DATA PROVIDED START

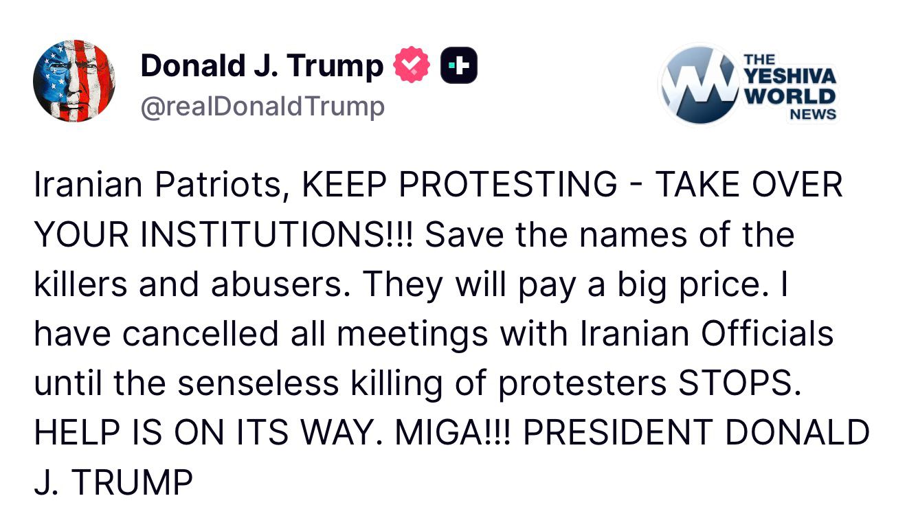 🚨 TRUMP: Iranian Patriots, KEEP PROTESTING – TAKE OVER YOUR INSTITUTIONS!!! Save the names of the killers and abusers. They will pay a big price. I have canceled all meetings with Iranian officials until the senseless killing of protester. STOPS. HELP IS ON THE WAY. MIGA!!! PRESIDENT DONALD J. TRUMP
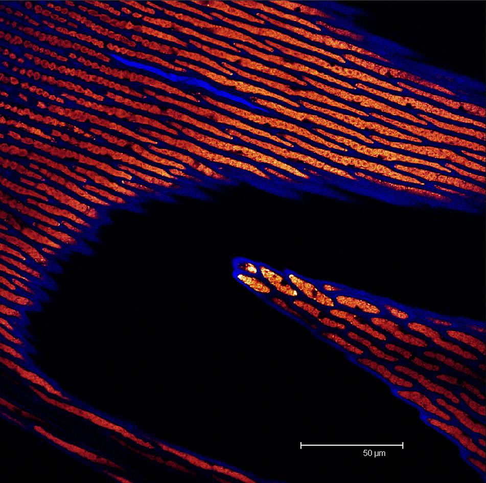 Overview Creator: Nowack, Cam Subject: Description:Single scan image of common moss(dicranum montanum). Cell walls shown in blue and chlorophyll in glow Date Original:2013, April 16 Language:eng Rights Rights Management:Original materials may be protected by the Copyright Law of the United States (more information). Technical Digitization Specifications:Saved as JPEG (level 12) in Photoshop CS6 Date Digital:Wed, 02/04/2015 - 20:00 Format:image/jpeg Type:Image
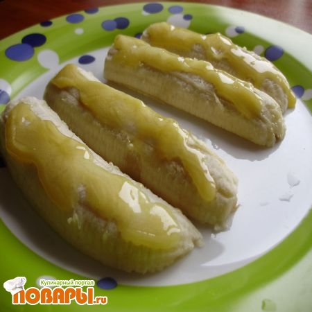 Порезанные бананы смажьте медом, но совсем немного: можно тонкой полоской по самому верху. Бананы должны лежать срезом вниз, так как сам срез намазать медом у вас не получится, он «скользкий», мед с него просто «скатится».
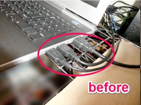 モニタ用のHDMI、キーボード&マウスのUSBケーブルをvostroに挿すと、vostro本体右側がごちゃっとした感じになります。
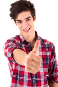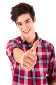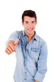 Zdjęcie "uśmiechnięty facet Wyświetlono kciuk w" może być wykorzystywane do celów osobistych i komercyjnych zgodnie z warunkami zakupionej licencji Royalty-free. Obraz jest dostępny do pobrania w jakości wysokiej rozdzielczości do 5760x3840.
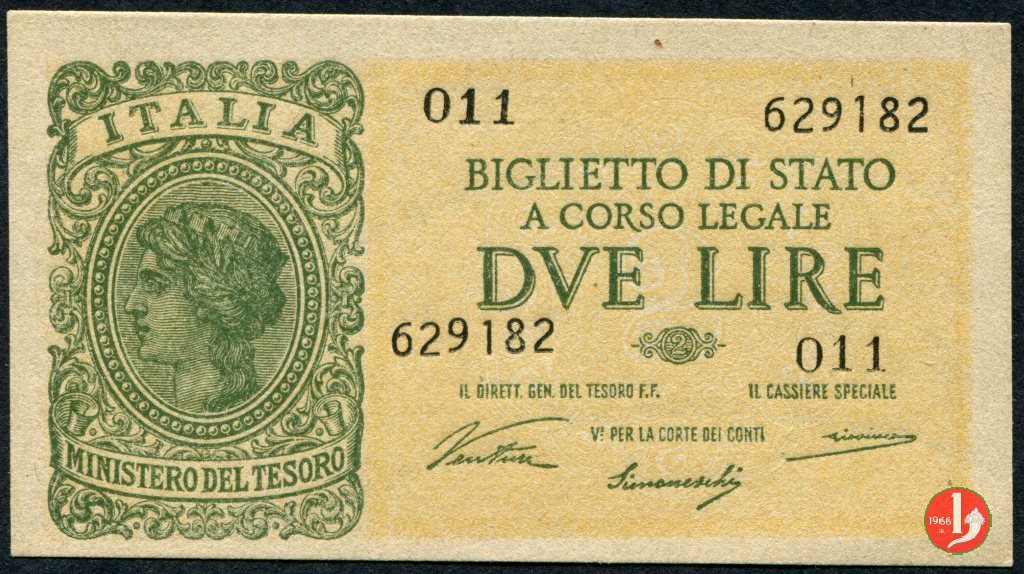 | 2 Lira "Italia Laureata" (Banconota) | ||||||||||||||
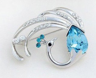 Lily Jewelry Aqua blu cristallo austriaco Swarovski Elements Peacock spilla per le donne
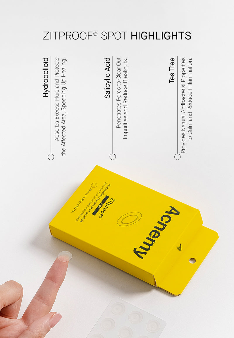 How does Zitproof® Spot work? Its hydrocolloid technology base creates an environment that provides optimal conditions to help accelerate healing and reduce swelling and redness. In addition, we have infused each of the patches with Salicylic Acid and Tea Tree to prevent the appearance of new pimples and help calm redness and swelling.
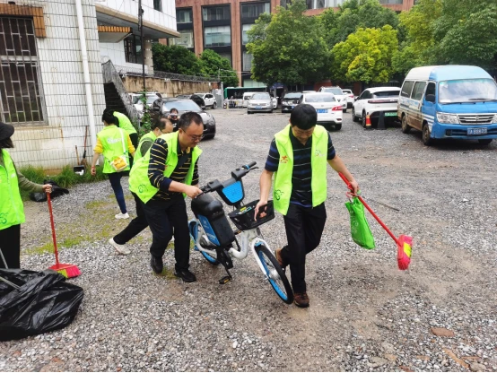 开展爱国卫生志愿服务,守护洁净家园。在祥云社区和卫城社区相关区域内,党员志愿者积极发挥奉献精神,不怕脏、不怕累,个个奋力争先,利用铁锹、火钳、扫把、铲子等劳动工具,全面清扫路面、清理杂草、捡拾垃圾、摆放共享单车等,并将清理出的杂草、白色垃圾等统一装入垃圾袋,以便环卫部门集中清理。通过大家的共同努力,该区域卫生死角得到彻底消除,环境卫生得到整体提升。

DATA PROVIDED END

[WHAT YOU NEED TO DO] Nothing but the lines from the first line of the data above through the line holding "モニタ用のHDMI、キーボー" may appear in the response, copied exactly and without pictures.

[YOUR SOLUTION]
 🚨 TRUMP: Iranian Patriots, KEEP PROTESTING – TAKE OVER YOUR INSTITUTIONS!!! Save the names of the killers and abusers. They will pay a big price. I have canceled all meetings with Iranian officials until the senseless killing of protester. STOPS. HELP IS ON THE WAY. MIGA!!! PRESIDENT DONALD J. TRUMP
 Overview Creator: Nowack, Cam Subject: Description:Single scan image of common moss(dicranum montanum). Cell walls shown in blue and chlorophyll in glow Date Original:2013, April 16 Language:eng Rights Rights Management:Original materials may be protected by the Copyright Law of the United States (more information). Technical Digitization Specifications:Saved as JPEG (level 12) in Photoshop CS6 Date Digital:Wed, 02/04/2015 - 20:00 Format:image/jpeg Type:Image
 Порезанные бананы смажьте медом, но совсем немного: можно тонкой полоской по самому верху. Бананы должны лежать срезом вниз, так как сам срез намазать медом у вас не получится, он «скользкий», мед с него просто «скатится».
 モニタ用のHDMI、キーボード&マウスのUSBケーブルをvostroに挿すと、vostro本体右側がごちゃっとした感じになります。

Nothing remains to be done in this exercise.